Integration with complex constant

Yes, this is true; but why this is true is bit more delicate question.

To keep it simple: one can define integrals of complex-valued functions along curves in the complex plane. The resulting integral-notion will be $\Bbb C$-linear (as one might expect) instead of only $\Bbb R$-linear (as the usual, say, Riemann-integral is). However, this more general integral notion still includes the usual one as special case and hence the more general linearity follows at once.

(Note: Usually, complex integrals are defined as line integrals and not as general expressions involving an integral sign. But, intuitevely, I do not think this should matter here.)

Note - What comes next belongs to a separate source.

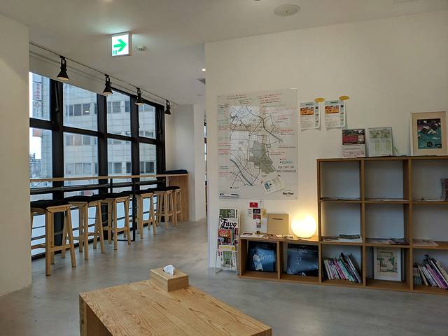 ↓进入旅馆就是公共区域,宽敞明亮,非常舒服。有咖啡或其他饮料零食可以随便享用

I agree with the answer given by mrtaurho.

I just want to add that $\mathbb{C}$-linearity still holds if you are interested in finding an antiderivative of a given complex valued function, which seems to be your case to me.

This is quite obvious if you think about it: you can picture $\mathbb{C}$ simply as $\mathbb{R}^2$ endowed with a product operation that gives it a field structure. Then, functions $\mathbb{C}\rightarrow\mathbb{C}$ are just functions $\mathbb{R}^2\rightarrow\mathbb{R}^2$, and you have just traced back your problem to real numbers.

However, the problem of finding an antiderivative in several variables is not as straightforward as in one variable, and it is better understood in terms of closed and exact differential forms.

But to keep it simple and short: yes, complex constants behave in the exact same way.